[Start of section]

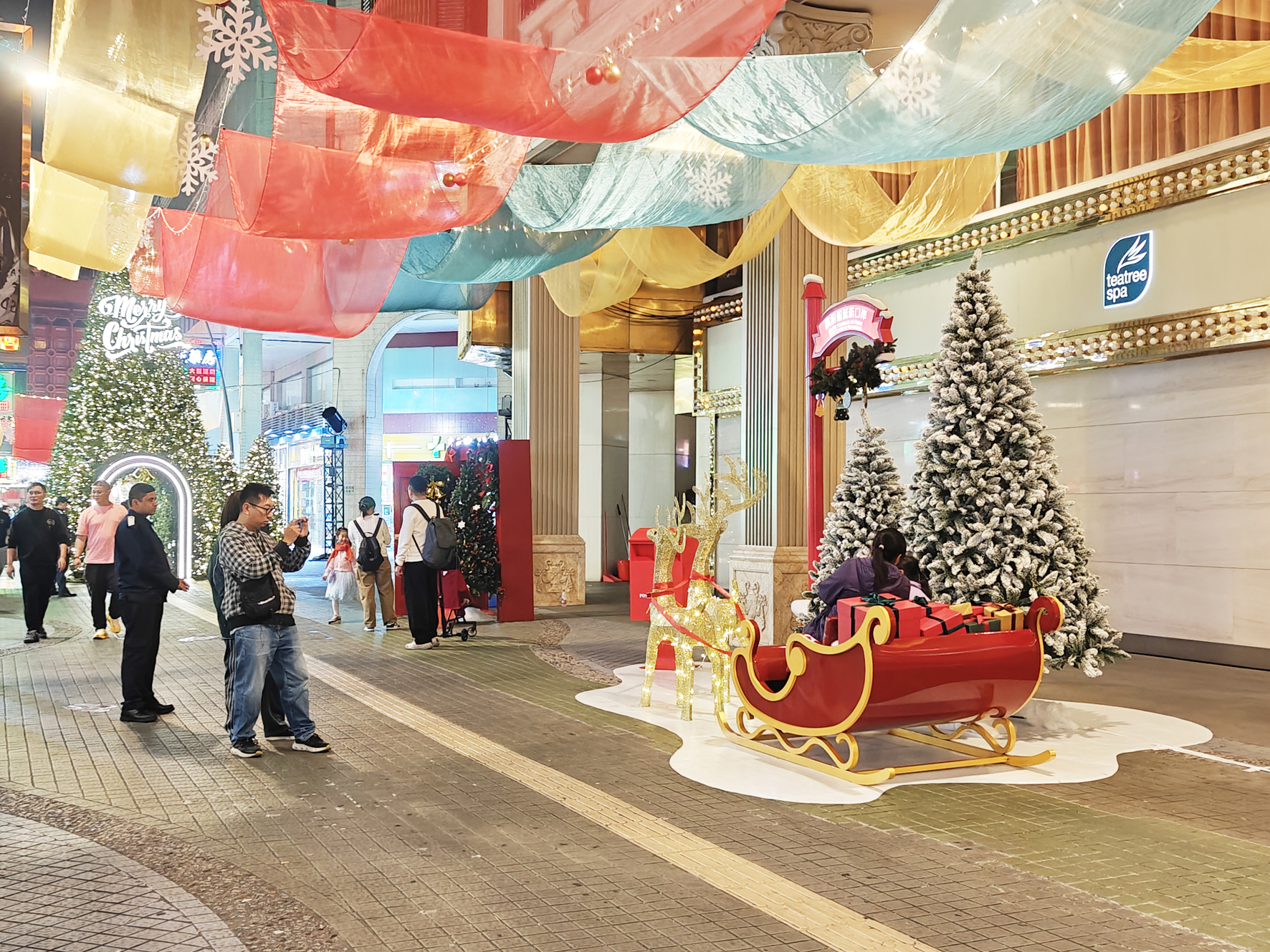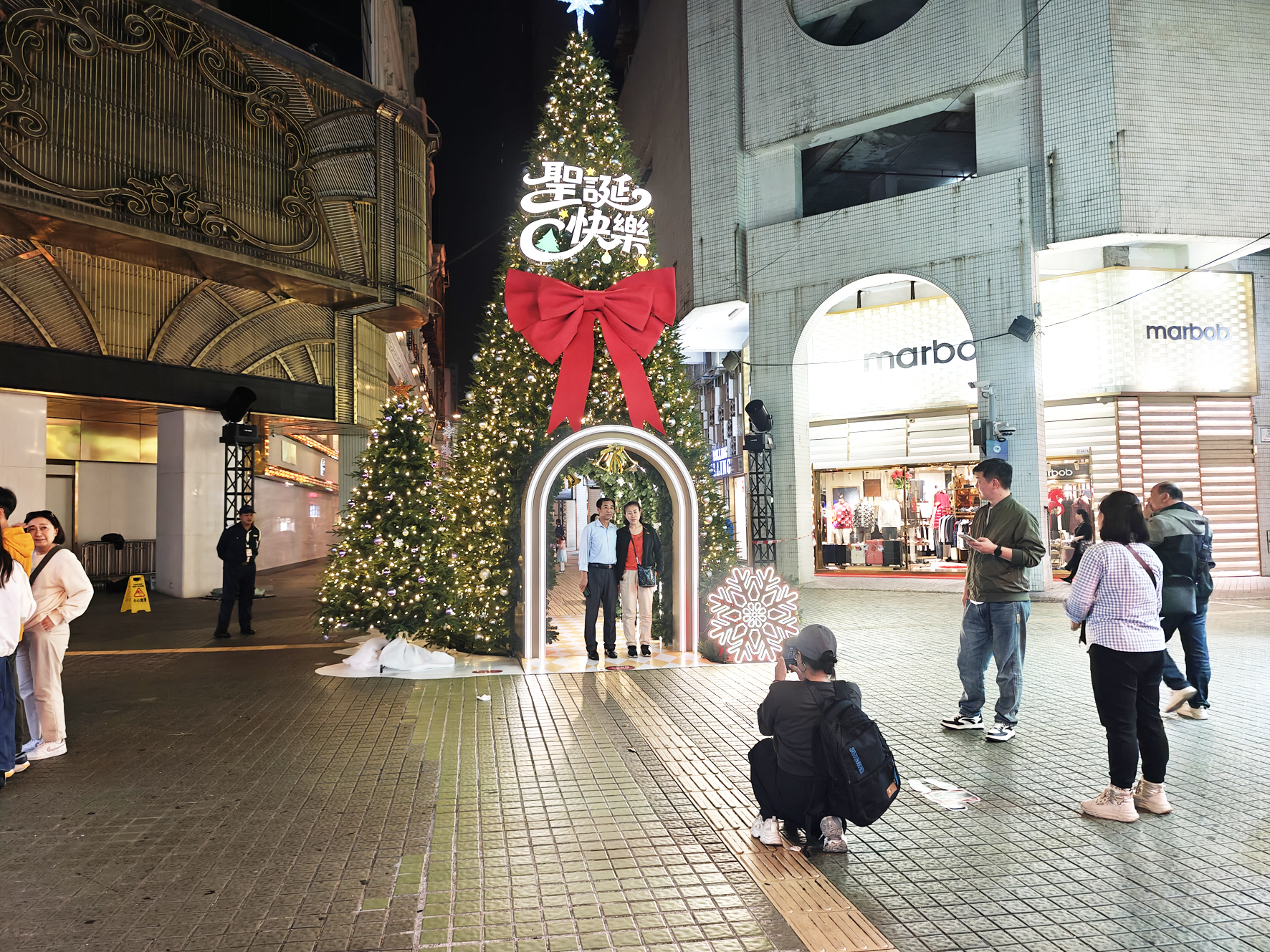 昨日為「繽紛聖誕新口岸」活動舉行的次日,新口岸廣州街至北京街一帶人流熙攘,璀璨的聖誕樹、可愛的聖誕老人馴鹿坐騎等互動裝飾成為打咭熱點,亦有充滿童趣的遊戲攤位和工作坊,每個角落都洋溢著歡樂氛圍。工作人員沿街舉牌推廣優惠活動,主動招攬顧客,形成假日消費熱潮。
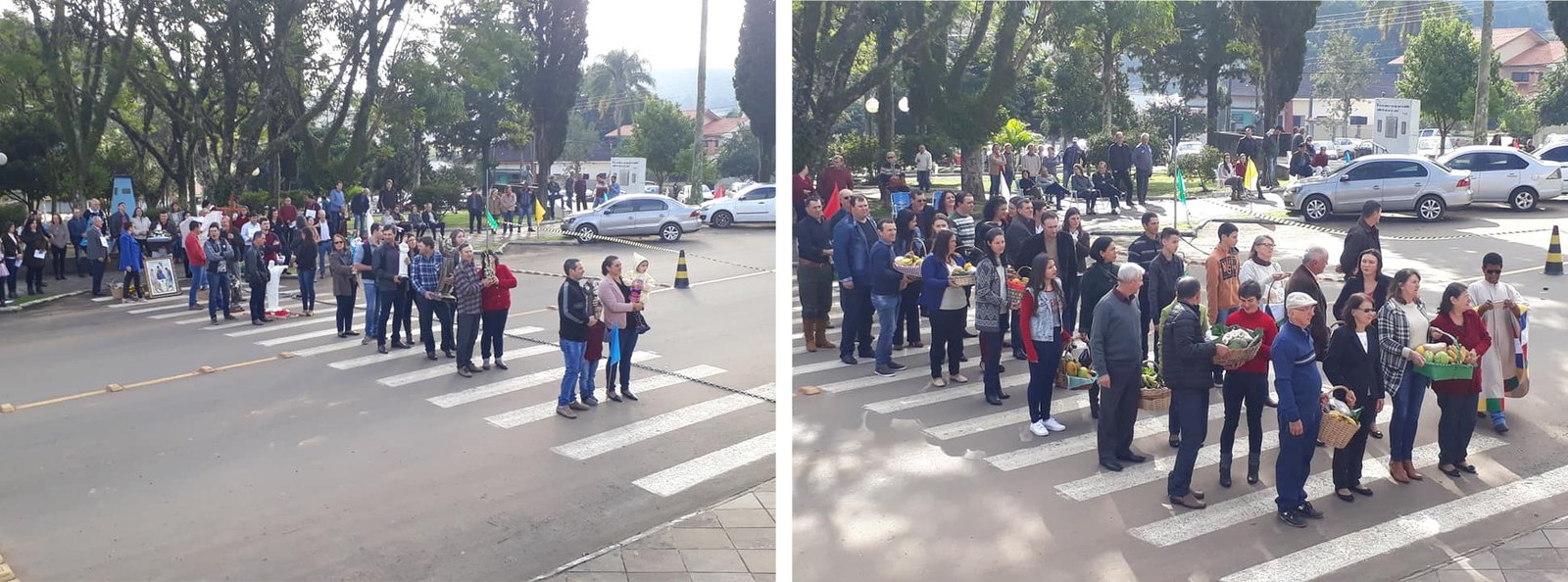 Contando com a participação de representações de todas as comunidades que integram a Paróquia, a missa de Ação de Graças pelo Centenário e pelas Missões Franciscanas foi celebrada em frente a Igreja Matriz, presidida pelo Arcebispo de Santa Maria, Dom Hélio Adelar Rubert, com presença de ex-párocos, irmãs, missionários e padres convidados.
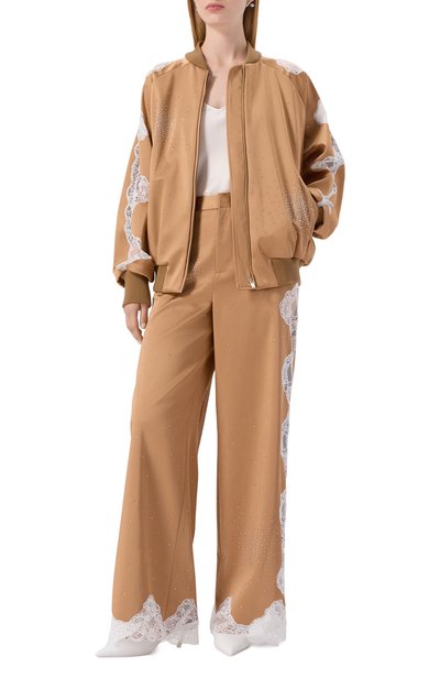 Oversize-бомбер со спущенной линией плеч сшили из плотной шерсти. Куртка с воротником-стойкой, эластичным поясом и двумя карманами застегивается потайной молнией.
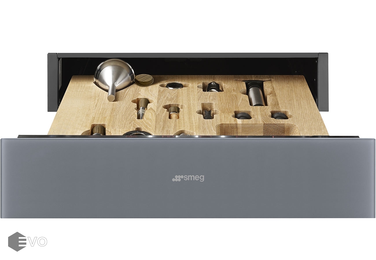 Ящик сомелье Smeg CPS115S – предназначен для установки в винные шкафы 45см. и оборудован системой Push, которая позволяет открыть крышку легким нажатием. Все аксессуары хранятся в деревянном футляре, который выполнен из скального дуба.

[End of section]

Would you please retype the material above exactly and leave out each picture?

**Written solution**:
 昨日為「繽紛聖誕新口岸」活動舉行的次日,新口岸廣州街至北京街一帶人流熙攘,璀璨的聖誕樹、可愛的聖誕老人馴鹿坐騎等互動裝飾成為打咭熱點,亦有充滿童趣的遊戲攤位和工作坊,每個角落都洋溢著歡樂氛圍。工作人員沿街舉牌推廣優惠活動,主動招攬顧客,形成假日消費熱潮。
 Contando com a participação de representações de todas as comunidades que integram a Paróquia, a missa de Ação de Graças pelo Centenário e pelas Missões Franciscanas foi celebrada em frente a Igreja Matriz, presidida pelo Arcebispo de Santa Maria, Dom Hélio Adelar Rubert, com presença de ex-párocos, irmãs, missionários e padres convidados.
 Oversize-бомбер со спущенной линией плеч сшили из плотной шерсти. Куртка с воротником-стойкой, эластичным поясом и двумя карманами застегивается потайной молнией.
 Ящик сомелье Smeg CPS115S – предназначен для установки в винные шкафы 45см. и оборудован системой Push, которая позволяет открыть крышку легким нажатием. Все аксессуары хранятся в деревянном футляре, который выполнен из скального дуба.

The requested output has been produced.